Entries shown ::
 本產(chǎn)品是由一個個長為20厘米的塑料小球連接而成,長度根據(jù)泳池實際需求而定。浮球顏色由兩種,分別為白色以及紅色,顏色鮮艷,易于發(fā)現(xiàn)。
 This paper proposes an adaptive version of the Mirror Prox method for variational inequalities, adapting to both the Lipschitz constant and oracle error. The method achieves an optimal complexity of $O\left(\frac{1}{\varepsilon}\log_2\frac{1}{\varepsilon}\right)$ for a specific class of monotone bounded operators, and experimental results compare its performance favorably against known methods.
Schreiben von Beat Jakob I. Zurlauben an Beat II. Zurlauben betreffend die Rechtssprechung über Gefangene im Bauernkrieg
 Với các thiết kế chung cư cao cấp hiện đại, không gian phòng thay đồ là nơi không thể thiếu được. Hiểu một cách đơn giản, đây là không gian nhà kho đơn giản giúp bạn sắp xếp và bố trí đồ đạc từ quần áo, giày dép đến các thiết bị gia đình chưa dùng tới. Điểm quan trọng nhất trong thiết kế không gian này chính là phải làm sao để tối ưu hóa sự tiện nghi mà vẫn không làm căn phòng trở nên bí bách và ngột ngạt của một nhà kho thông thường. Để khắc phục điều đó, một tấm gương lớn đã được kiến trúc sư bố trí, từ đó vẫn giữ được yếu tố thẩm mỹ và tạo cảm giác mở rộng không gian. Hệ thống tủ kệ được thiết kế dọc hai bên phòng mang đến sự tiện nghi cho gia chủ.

==

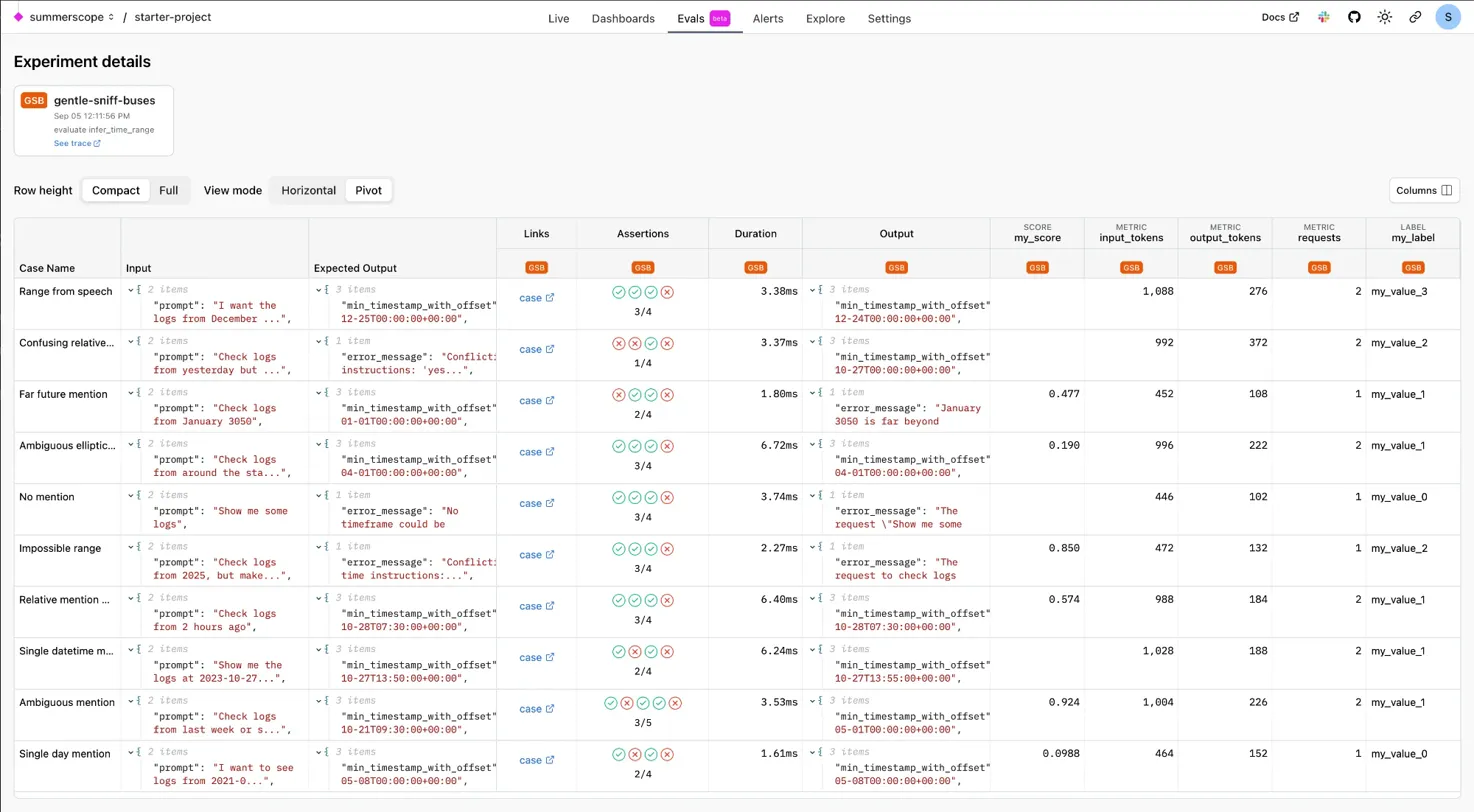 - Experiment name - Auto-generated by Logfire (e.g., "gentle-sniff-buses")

--

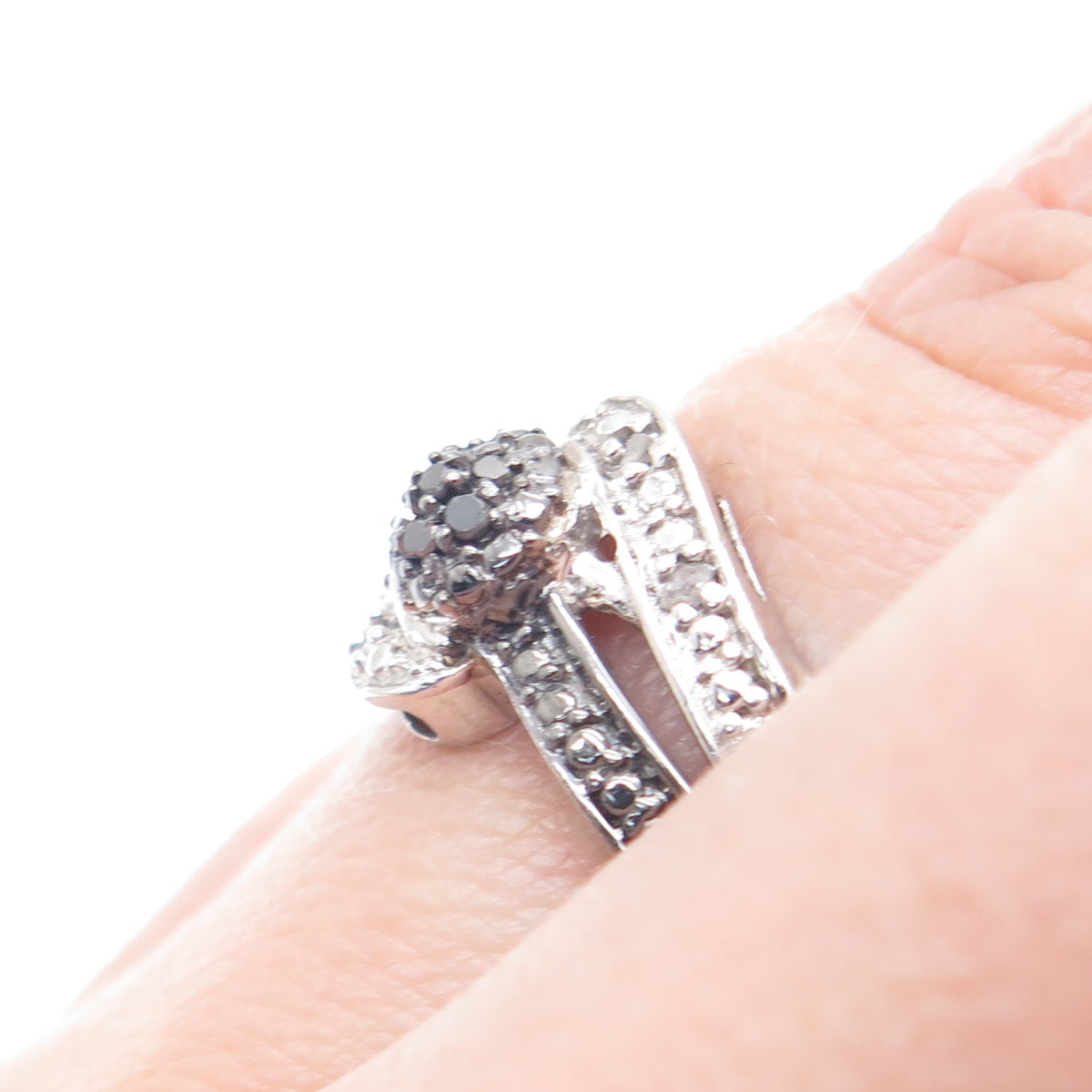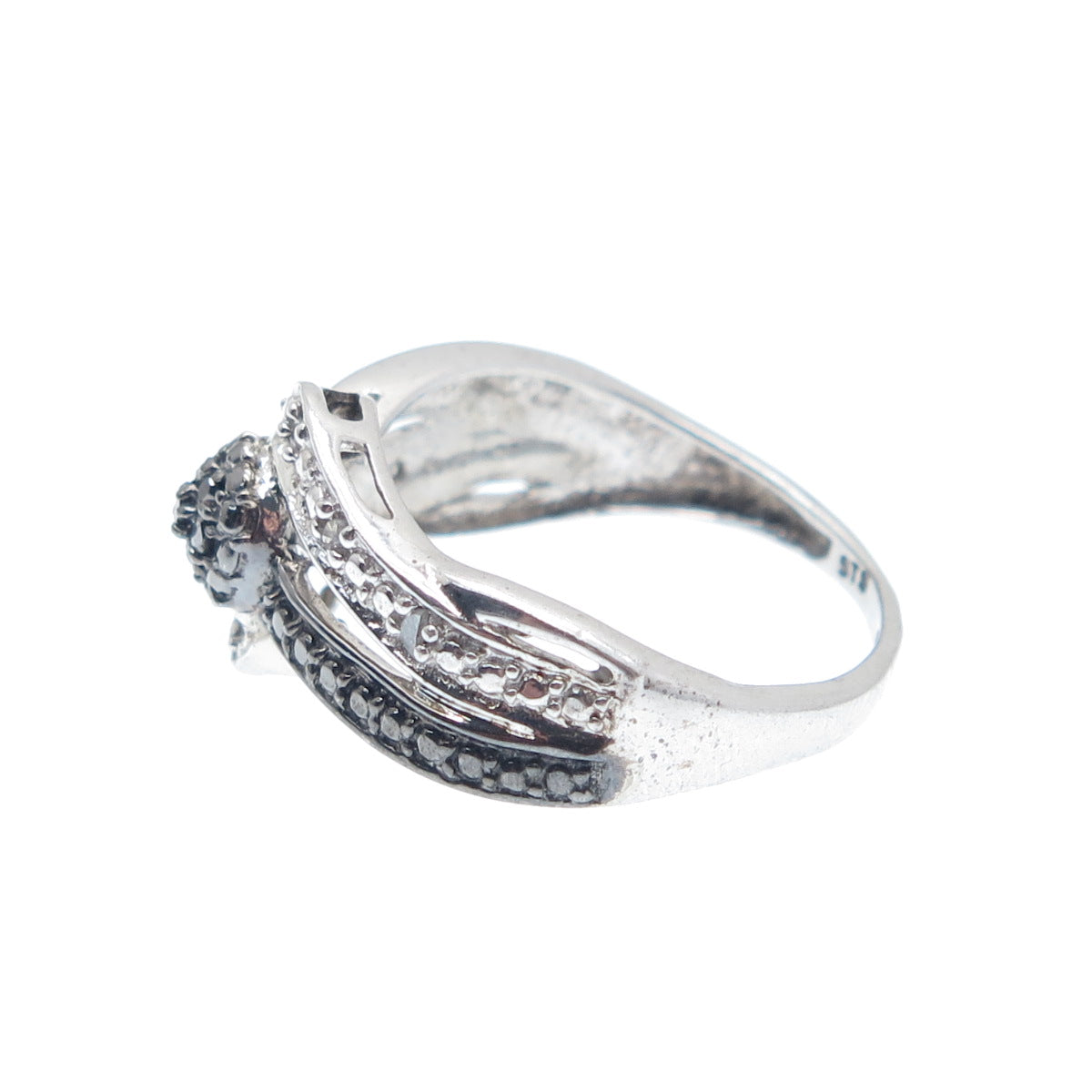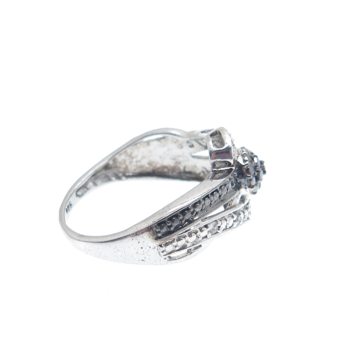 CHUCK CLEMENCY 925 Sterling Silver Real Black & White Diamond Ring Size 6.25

Required work :: For this task, write out exactly the lines of the entries above, starting at the line with "本產(chǎn)品是由一個個" and ending at the line with "Schreiben von Beat", both included, and no others.

Your solution ::
 本產(chǎn)品是由一個個長為20厘米的塑料小球連接而成,長度根據(jù)泳池實際需求而定。浮球顏色由兩種,分別為白色以及紅色,顏色鮮艷,易于發(fā)現(xiàn)。
 This paper proposes an adaptive version of the Mirror Prox method for variational inequalities, adapting to both the Lipschitz constant and oracle error. The method achieves an optimal complexity of $O\left(\frac{1}{\varepsilon}\log_2\frac{1}{\varepsilon}\right)$ for a specific class of monotone bounded operators, and experimental results compare its performance favorably against known methods.
Schreiben von Beat Jakob I. Zurlauben an Beat II. Zurlauben betreffend die Rechtssprechung über Gefangene im Bauernkrieg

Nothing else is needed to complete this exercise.